Действительно, подъехало несколько машин. Торг шел в полный рост, в открытую.

— На! — Алик решился. Отступать было некуда. — Давай адресок.

— Пивнуху знаешь на горке? Там на цепи Артем сидит. Все. Ты меня не видел, я тебя не знаю. Рисуй сквозняк.

Алик забрался в машину к скучавшему таксисту. Артем на цепи? Что-то стало проясняться в этой истории. Полтинник было жалко до слез. Вон татарин остался на неделю, управ просил выбоины в коровнике замазать, но никто кроме него не согласился, все рванули, когда бабки в кармане зашелестели. Сколько он там на этом коровнике забашляет? Полтинник или два? Но в таком деле издержки неизбежны.

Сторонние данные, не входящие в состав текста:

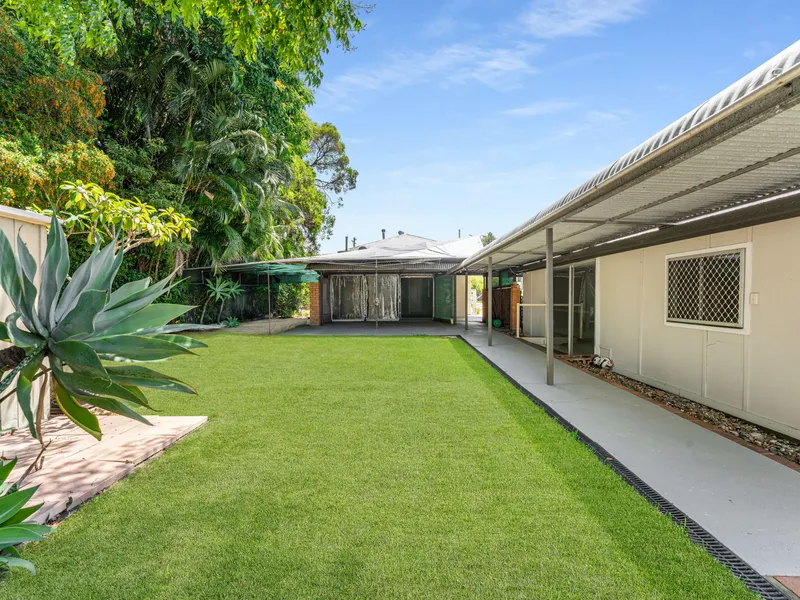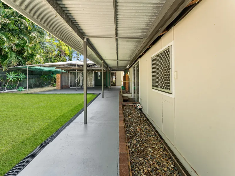 Inside, the home boasts a bright and airy living and dining space, paired with a functional kitchen offering ample storage. Three well-sized bedrooms, while two bathrooms deliver everyday convenience. Adjacent to the patio, there’s an additional versatile space that could serve as a retreat, kids’ play area, or man cave.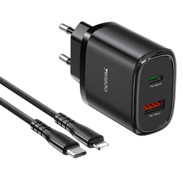استمتع بشحن سريع وفعّال مع Yesido YC4 Dual Port Quick Charger ⚡ — شاحن مصمم لتوفير طاقة آمنة وسريعة لأجهزتك. يحتوي على منفذين USB-A وType-C مما يتيح شحن جهازين في نفس الوقت بقدرة تصل إلى 20W. مصنوع من خامة PC مقاومة للحريق لتوفير حماية من الحرارة الزائدة، الشحن المفرط، وقصر الدائرة. تصميمه المدمج يجعله مثاليًا للاستخدام في المنزل أو المكتب أو أثناء السفر.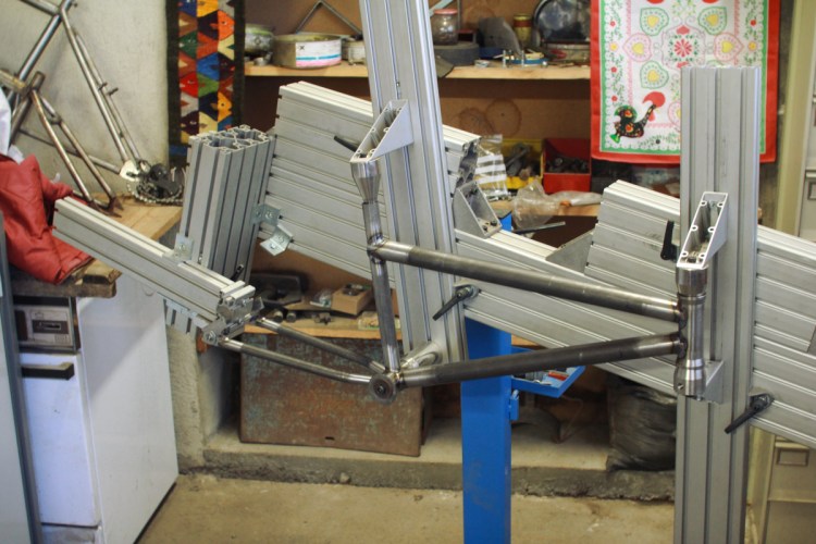Marbre de soudure pour cadres de vélo.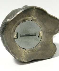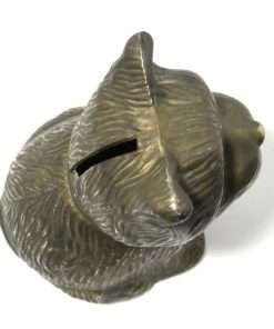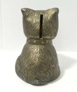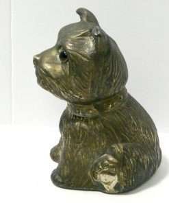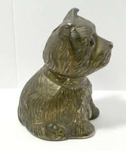 This adorable, vintage metal still bank looks like a Yorkie or other Terrier dog, sitting attentively and waiting to add a touch of whimsy to your home. This little beauty sits 4 1/2″ tall x 3 1/2″ long x 3 1/4″ wide. He has a lot of wonderful details with an abundance of fur lines, perky ears and big glass eyes. He is in great condition and so sweet, he is hard to pass by without smiling. This engaging pup is a fun gift for a Terrier enthusiast, and the perfect addition to any vintage bank collection.

Когда, наконец, он добрался до своей конуры, там уже было весело и без него. Большая часть бригады, считай кворум, была в сборе. Неизвестно откуда появившийся разноглазый Витька разливал портвейн типа «Агдам», Фадеич сидел на стуле настолько нетвердо, что Алик подумал, что предшествовавшая этому поза ему больше подходит.

— Привет, золотая рота! — Алик сел за стол. Витька полез обниматься — соскучился. Давно не виделись — полсуток не прошло.

Но мысли Алика блуждали далеко, около пивбара, около таинственного Артема. Если он, конечно, есть в натуре, если его, Алика, не купили, как те «кидалы» с шариком и колпачками.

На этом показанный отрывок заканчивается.